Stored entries
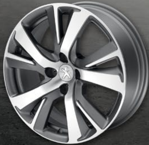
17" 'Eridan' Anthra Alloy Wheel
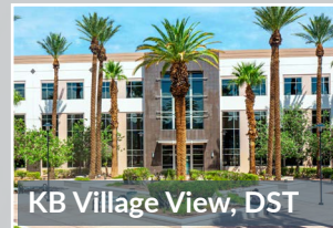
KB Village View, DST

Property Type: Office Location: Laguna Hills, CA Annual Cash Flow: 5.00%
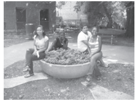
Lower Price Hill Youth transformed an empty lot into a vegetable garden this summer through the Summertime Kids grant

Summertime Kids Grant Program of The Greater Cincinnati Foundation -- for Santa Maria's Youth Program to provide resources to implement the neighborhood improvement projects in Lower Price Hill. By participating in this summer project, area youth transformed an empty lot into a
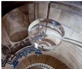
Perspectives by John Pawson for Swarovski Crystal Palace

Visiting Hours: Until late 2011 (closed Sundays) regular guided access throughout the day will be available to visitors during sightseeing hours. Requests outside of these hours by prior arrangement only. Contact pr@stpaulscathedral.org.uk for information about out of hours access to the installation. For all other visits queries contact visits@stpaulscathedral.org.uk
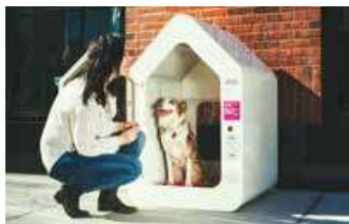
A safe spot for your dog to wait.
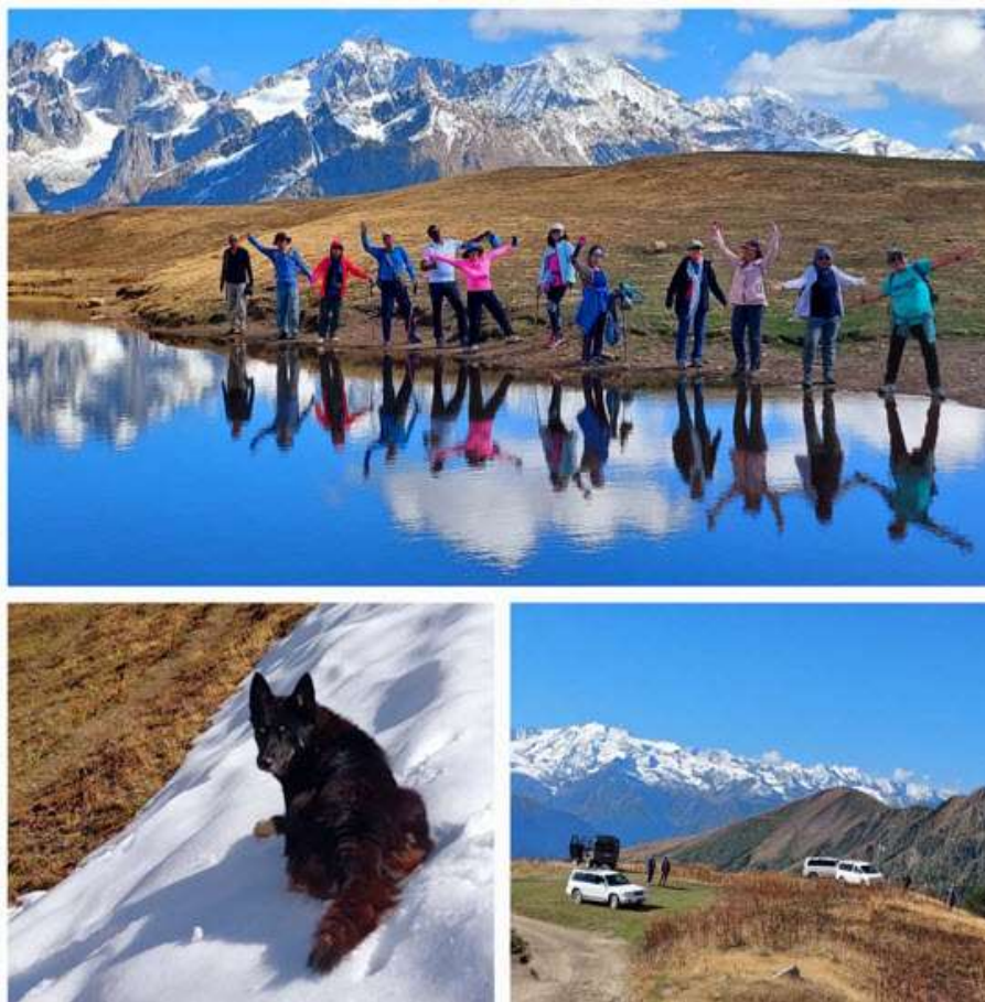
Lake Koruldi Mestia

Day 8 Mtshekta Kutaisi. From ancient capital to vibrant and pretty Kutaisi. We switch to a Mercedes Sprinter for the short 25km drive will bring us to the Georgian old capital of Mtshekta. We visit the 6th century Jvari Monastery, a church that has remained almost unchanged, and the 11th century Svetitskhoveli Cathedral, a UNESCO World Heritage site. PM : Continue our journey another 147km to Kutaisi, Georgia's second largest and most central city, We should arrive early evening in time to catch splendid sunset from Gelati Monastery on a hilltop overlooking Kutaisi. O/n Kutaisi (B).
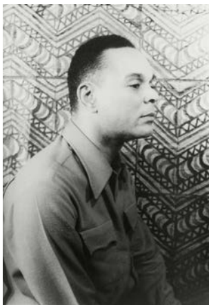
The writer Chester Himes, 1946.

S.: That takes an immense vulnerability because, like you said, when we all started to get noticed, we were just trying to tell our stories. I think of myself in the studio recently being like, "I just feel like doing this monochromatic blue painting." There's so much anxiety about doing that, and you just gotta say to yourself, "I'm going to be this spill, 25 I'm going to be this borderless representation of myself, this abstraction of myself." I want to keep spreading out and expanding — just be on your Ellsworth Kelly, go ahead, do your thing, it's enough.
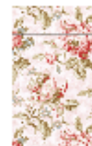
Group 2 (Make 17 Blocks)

==

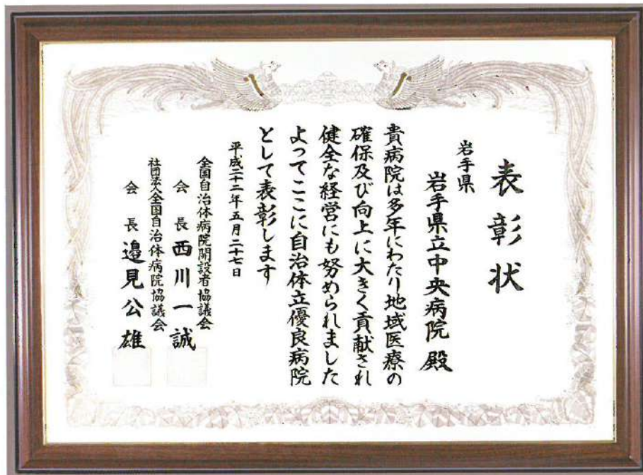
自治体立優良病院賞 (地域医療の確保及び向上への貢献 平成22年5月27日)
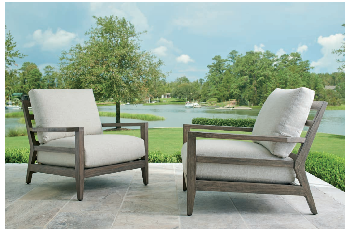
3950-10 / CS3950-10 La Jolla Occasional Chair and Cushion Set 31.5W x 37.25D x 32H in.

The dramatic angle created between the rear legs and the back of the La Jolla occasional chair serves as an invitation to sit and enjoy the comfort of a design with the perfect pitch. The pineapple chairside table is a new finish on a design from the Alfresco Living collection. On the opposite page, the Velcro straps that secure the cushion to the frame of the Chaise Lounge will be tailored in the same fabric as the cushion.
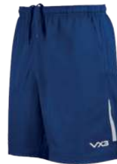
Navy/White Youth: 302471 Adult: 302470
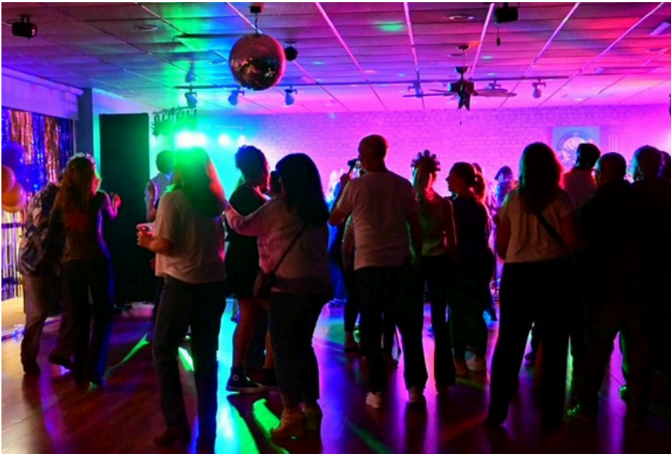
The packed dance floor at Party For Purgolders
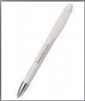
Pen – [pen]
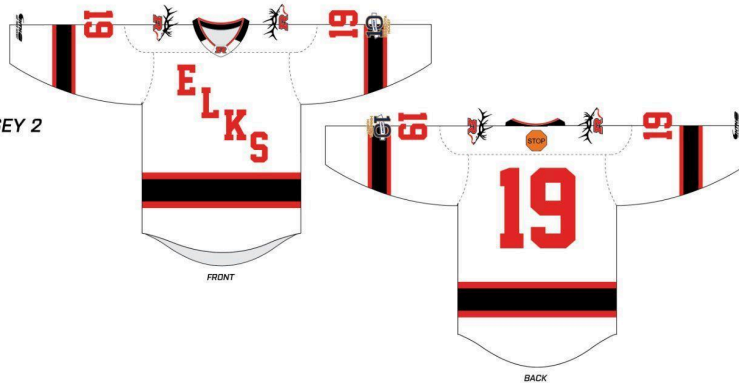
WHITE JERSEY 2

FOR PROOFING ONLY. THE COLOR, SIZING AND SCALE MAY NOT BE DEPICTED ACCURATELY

● **WORK INSTRUCTION**
The answer must be a single number: how many lines in the data contain the string "Price"?

● **EXERCISE ANSWER**
2